The Complete Salkantay Trek Packing List
If you’re doing a guided Salkantay trek, one of the advantages is you are given a duffel bag to transport most of your gear in.
This duffel bag is given to a separate guide with horses who then take it to your new camp each night.
This is super helpful because you don’t have to worry about carrying everything. So, you can overpack a bit, especially if you are unsure of what to bring.
The duffel bag is big enough to carry your sleeping bag, which takes up about a quarter of the space. You then have ¾ for the rest of your gear, and then obviously your day backpack on top of that. Here’s the complete list of everything you need to bring:
- Hiking boots
- Hiking socks x 2 (merino wool, so they last a couple of days)
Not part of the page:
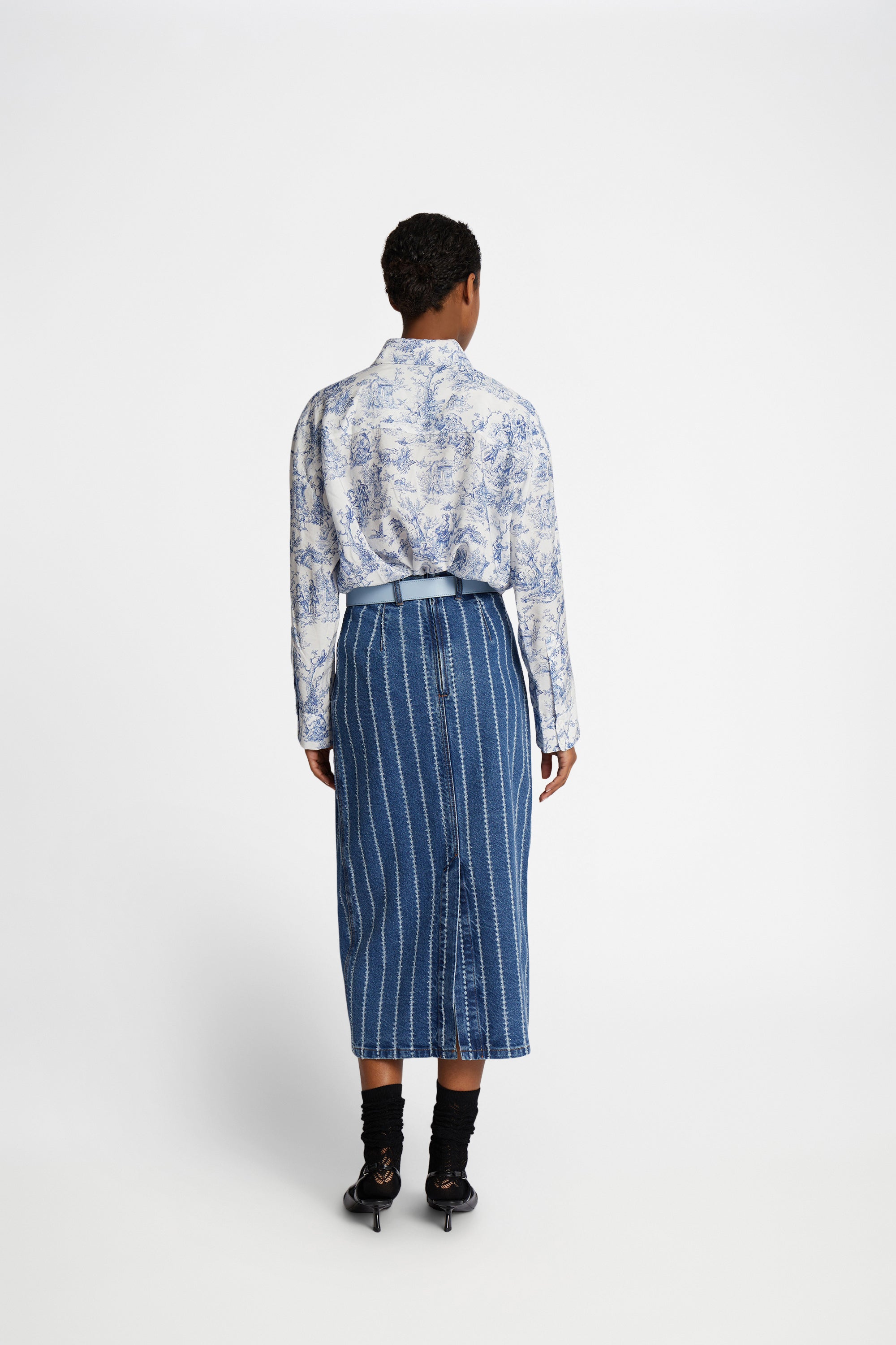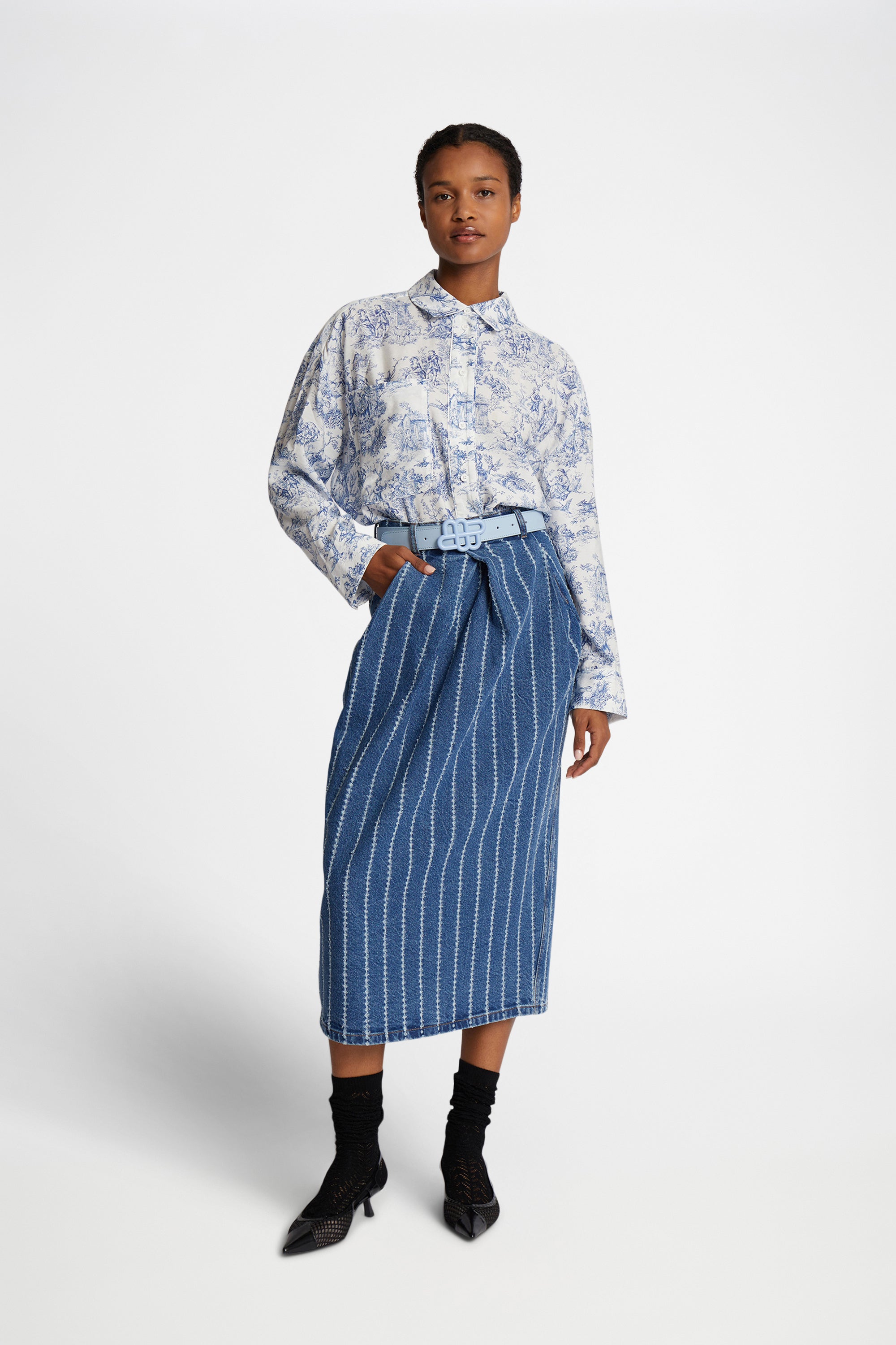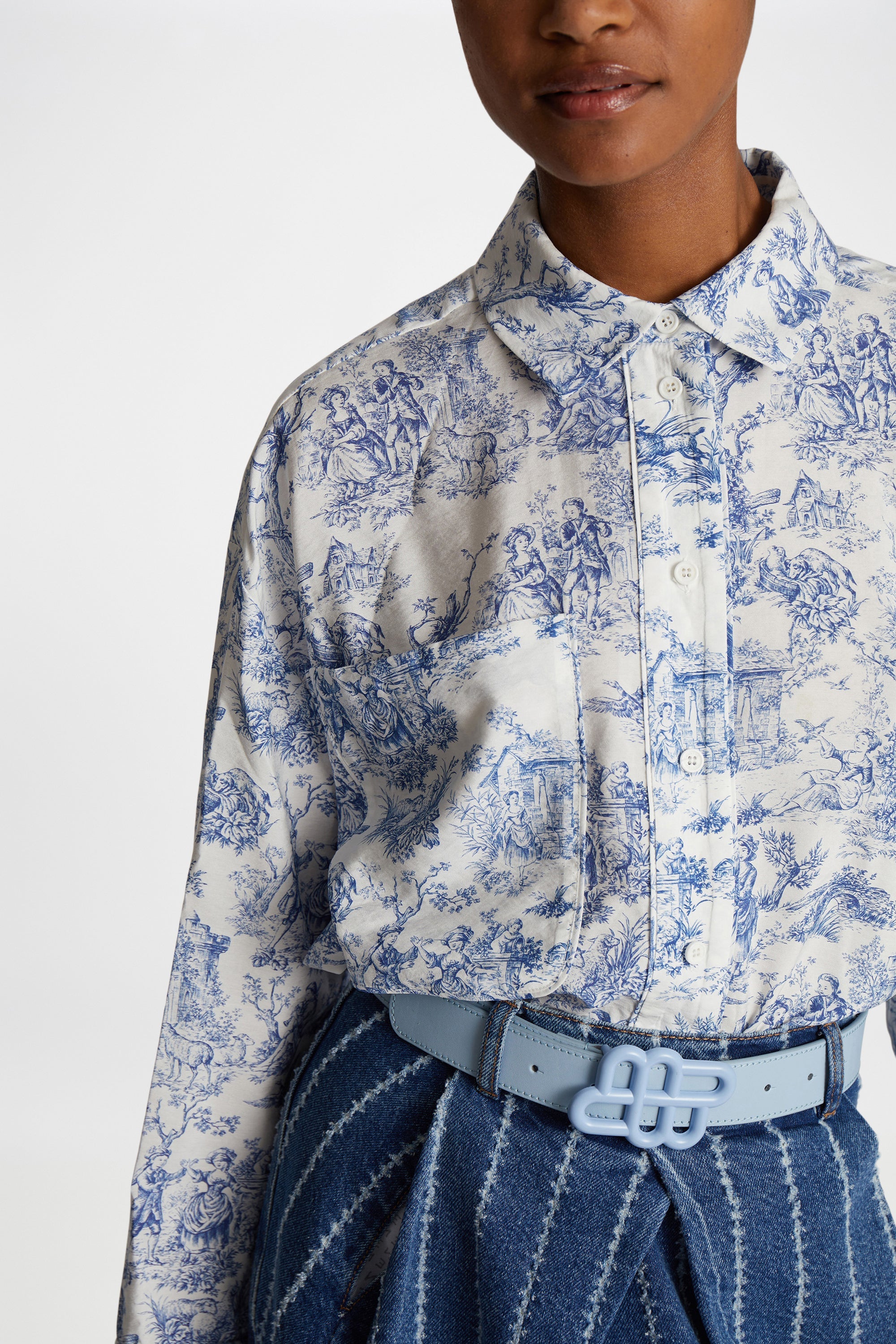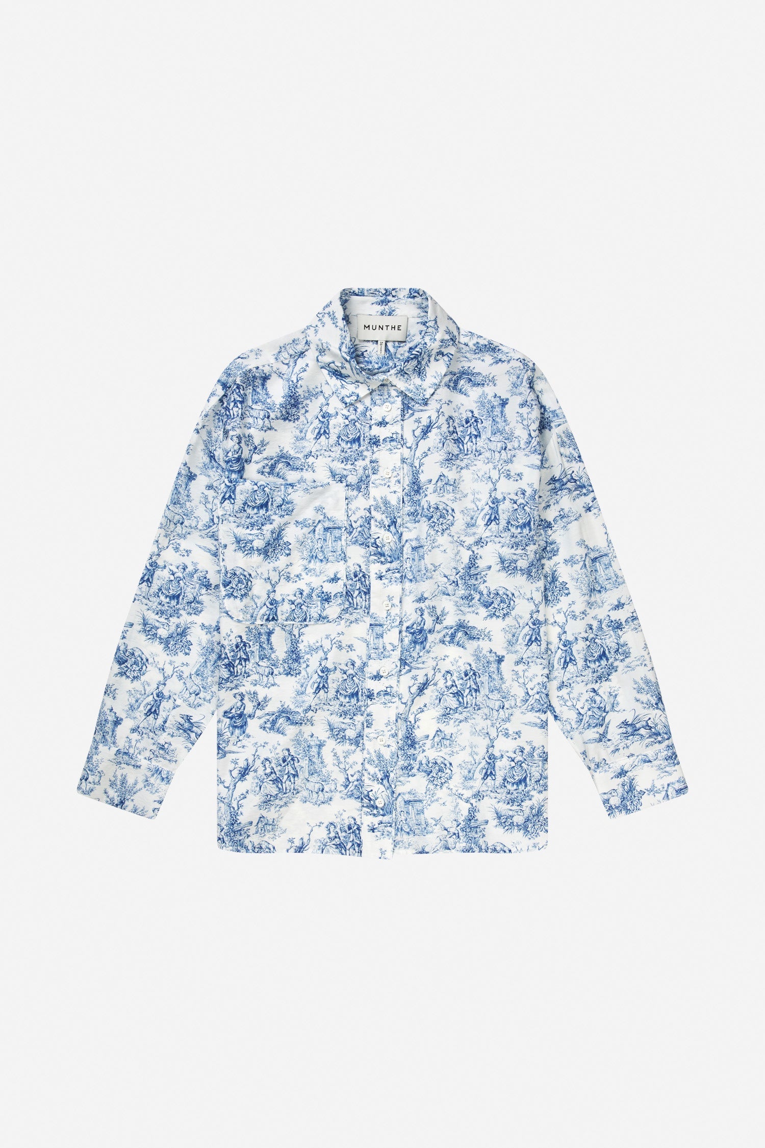 Shirt designed with an elegant print with elements of nostalgic charm. This shirt has a slightly oversize chest pocket, beautiful cuffs and a collar. The pocket and the button closure have a small, elegant border detail. The shirt is designed for a loose fit.
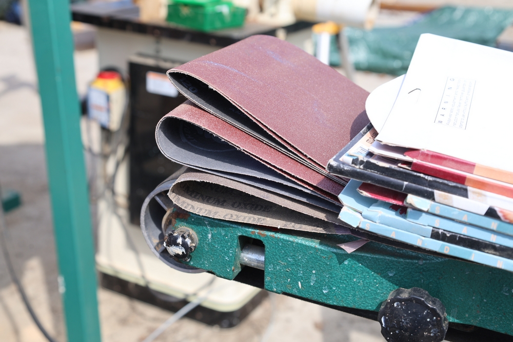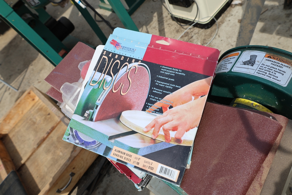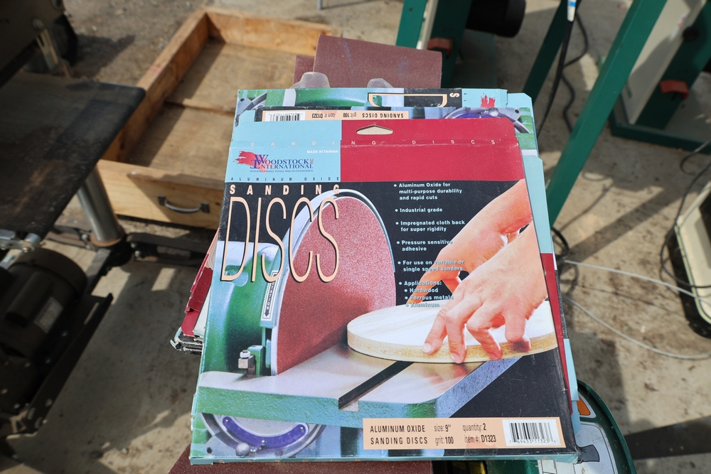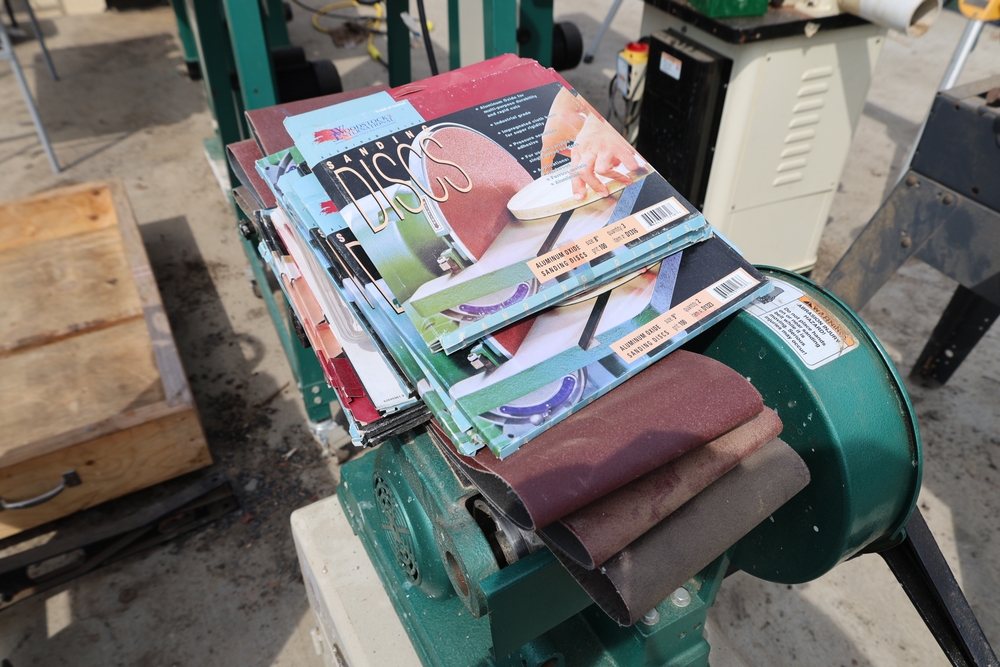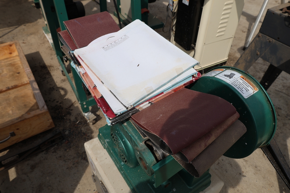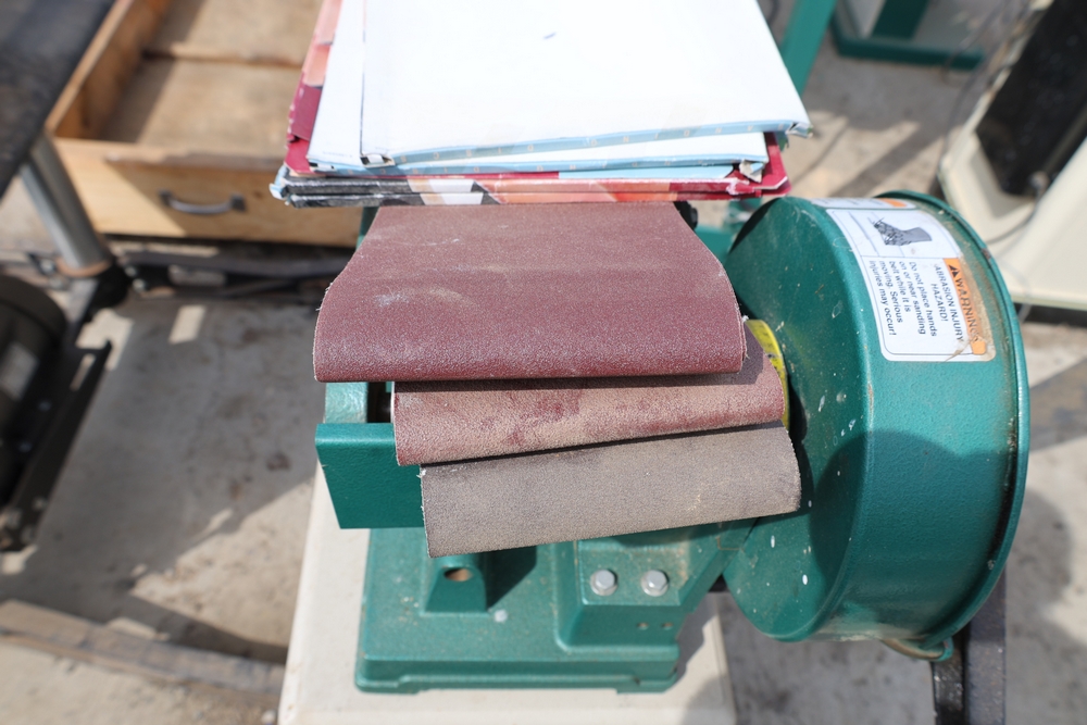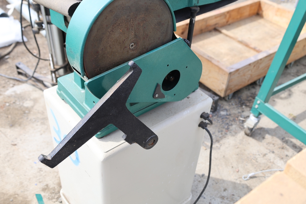 Grizzly G1014ZX combination sander with cabinet base, includes sanding belts and sanding discs.

- Separate pair of shoes – for the final day. It feels great to kick off the smelly hiking boots and wear some comfy shoes on the way back to Cusco
- Pair of normal socks – to go with your change of shoes
- Hiking trousers or shorts – we took base layer leggings but didn’t end up wearing them. We feel more comfortable trekking in shorts, but many people were wearing trousers
- T-shirts – preferably trekking t-shirts made from merino wool so you can wear them for more than one day. We trekked in a t-shirt and shorts every day as your body warms up quickly while hiking. We then just kept our waterproof jacket around our waist for when it started to rain or when it got colder at the top of the mountains.
- Waterproof jacket/windbreaker – perfect for when you reach some of higher altitudes to keep the wind out and stay warm, or when there is a light drizzle.
- Hoody / Jumper/ lightweight thermal jacket – the evenings get cold, and you will want to have some alternative warm clothing to chuck on in case your waterproof or clothes from the day are soaked through
- Hat/Snood – both useful for keeping your ears/head warm when you reach those colder and windier places
- Cap – to keep the sun off you if you’re having good weather
- Sunglasses – the weather can be beautiful if there isn’t too much cloud cover
- Swimwear – for the third day trip to the hot baths!
- Travel towel
- Flip flops – for showering and for the third day at the hot baths. You can also wear them home on the last day if you don’t want to wear trainers
- Poncho – this is an essential piece of kit, even if you are visiting in the winter (non-rainy season), the weather in the mountains is unpredictable
- Toilet roll – better to be safe than sorry
- Sunscreen – high altitude means the sun is stronger
- Insect repellent – not an issue for most of the trek until the third day when you head down into the valley with more jungle, and on the last day at Machu Picchu
- Standard items – toothbrush, deodorant etc
- Blister plasters – hopefully, your hiking shoes are worn in before the trek but even so, 75km over 5 days will undoubtedly lead to one or two blisters
- Medical kit and medicine – you never know what can happen on the trip, be prepared
- Water bottle – you can fill your bottle up each day at camp with fresh mountain spring water
- Portable charger – you won’t get access to many sockets on this trip so bring a portable charger to keep your phone charged. One fully charged battery should last the 5 days.
- Camera – obviously
- Small headlamp – useful if you need to get out of the tent during the night and on the last morning when you get up at 4:30 to climb up to Machu Picchu. Although a phone light will suffice.